After several years of negotiations, the Intergovnemnetal Platform on Biodiversity and Ecosystem Services (IPBES) was finally established in April 2012. The platform aims to bridge the distance between science and policy and hopefully improve the understanding of biodiversity loss and how it affects human well-being.

A series of dialogues

In an attempt to bridge gaps between various knowledge systems, a series of dialogue seminars/workshops involving scientists, governments, indigenous peoples and local community representatives, international organisations and NGOs have been established.

Following up from a previous meeting in Jokkmokk (Sweden), a workshop was organised in the Panamanian indigenous autonomous region Comarca Guna Yala.
The workshop, entitled Knowledge for the 21st Century: Indigenous Knowledge, Traditional Knowledge, Science and connecting diverse knowledge systems (pdf, 8.8 MB), was held 10-13 April and was convened by the Resilience and Development Programme (SwedBio), in collaboration with the Swedish Biodiversity Centre and the International Indigenous Forum on Biodiversity. Fundación para la Promoción del Conocimiento Indígena (FPCI) in Panama hosted the workshop.

The seminar fuelled the optimism that various stakeholders would contribute to and enrich the work of the IPBES.
Respect, reciprocity and cultural diversity
One of the first outcomes of the Panama workshop was a set of reflections that was brought onward to the Second Plenary Session of IPBES.

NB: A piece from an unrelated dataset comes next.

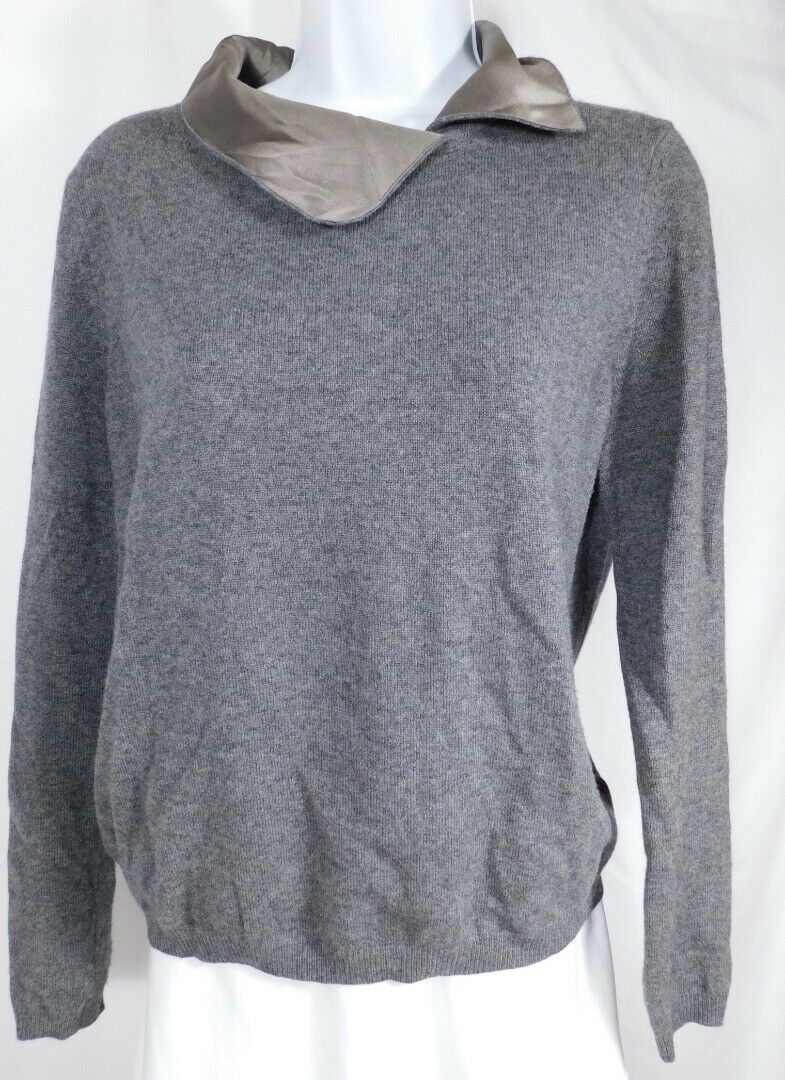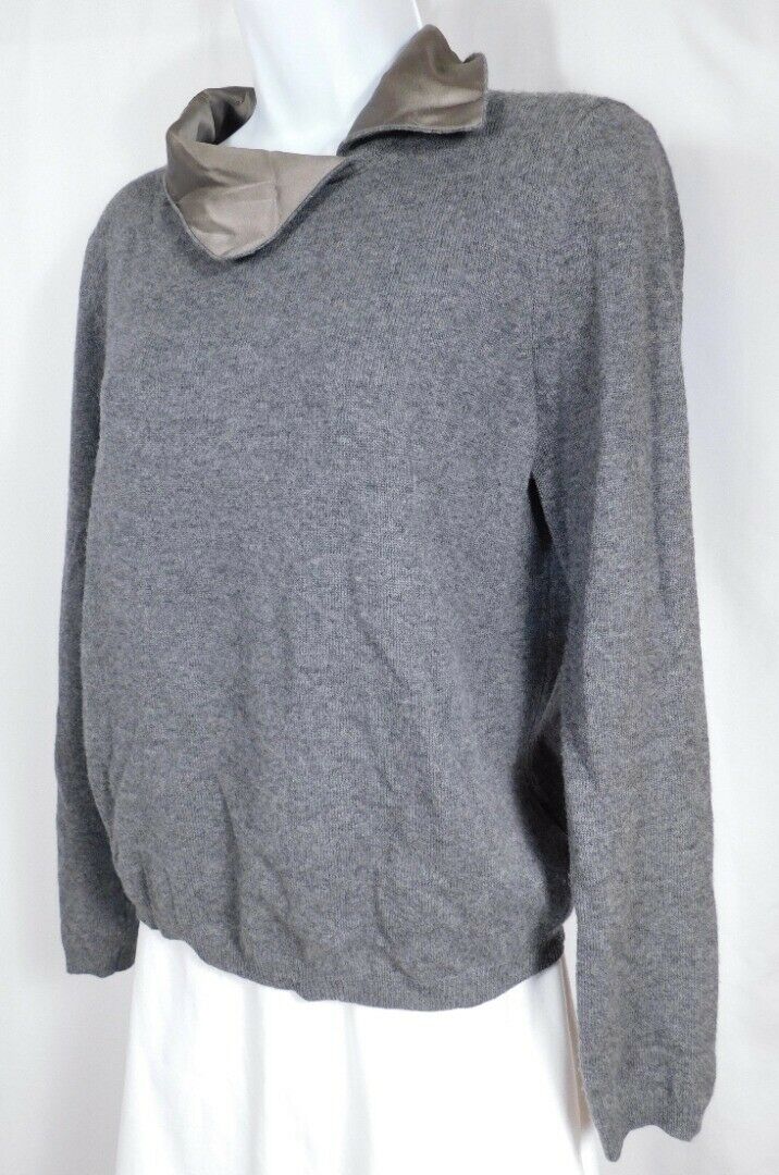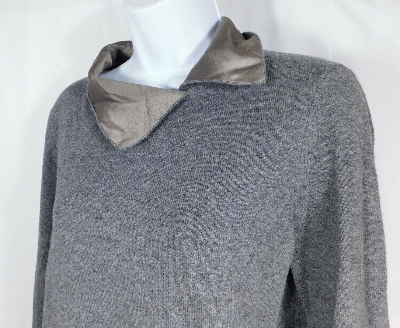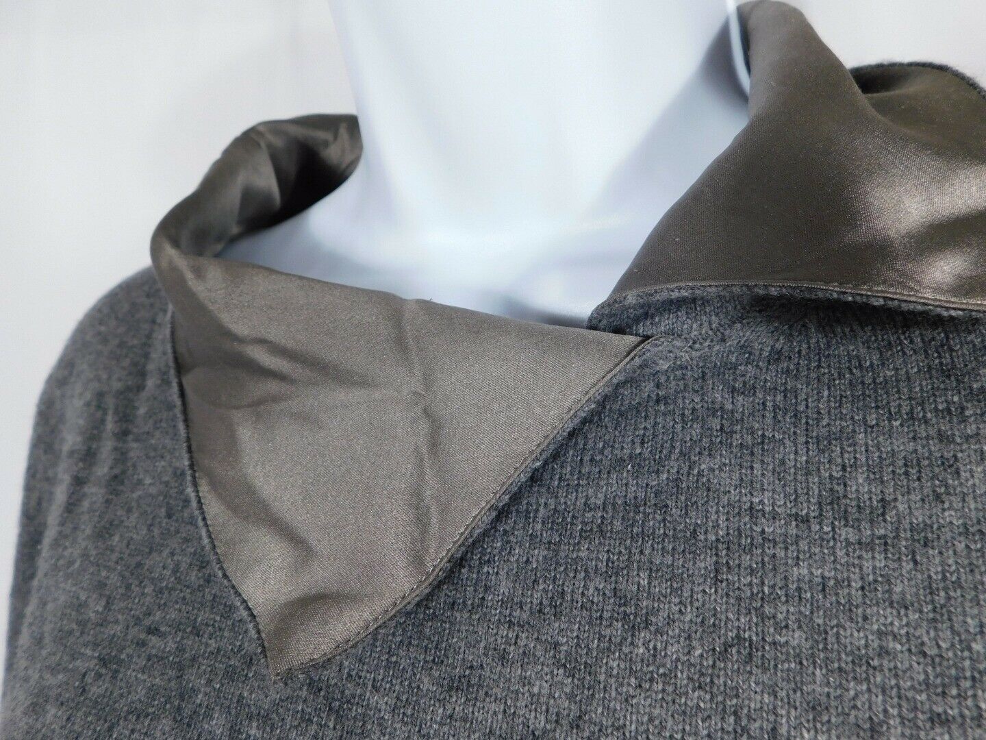 PESERICO TRICOT Charcoal Gray W Satin Collar Wool Cashmere Sweater Sz M (IT 42)

Respect: It is understood that all knowledge systems have their particularities and there should not be a supremacy of one knowledge system over another. Trust needs to be generated between the different parties to allow the exchange of knowledge systems to be effective and fruitful.

Reciprocity: The principle of reciprocity needs to underline sharing between knowledge systems. Complementarities of the different knowledge systems has been recognised as a way forward.

The inter-relation between biological and cultural diversity: Since time immemorial indigenous peoples have demonstrated how this relation generates and maintains biodiversity and ecosystem services. It is a relation where biodiversity is not at the service of mankind, but mankind is one element in a complex network.

Full and effective participation
Workshop participants also called for the full and effective participation of indigenous peoples and local communities at all levels in IPBES. For this to happen, a funding mechanism must be created in order to enable an effective dialogue between diverse knowledge systems within IPBES.

Finally, the international human rights framework must also be respected, including the UN Declaration of the Rights of Indigenous Peoples as well as lessons learnt from the process regarding the Nagoya protocol.

“The workshop outcomes informed the IPBES meeting and bolstered the openness and support for indigenous knowledge and diverse knowledge systems in the work of IPBES,” says Joji Carino from the International Indigenous Forum on Biodiversity, one of the co-organisers of the Panama workshop.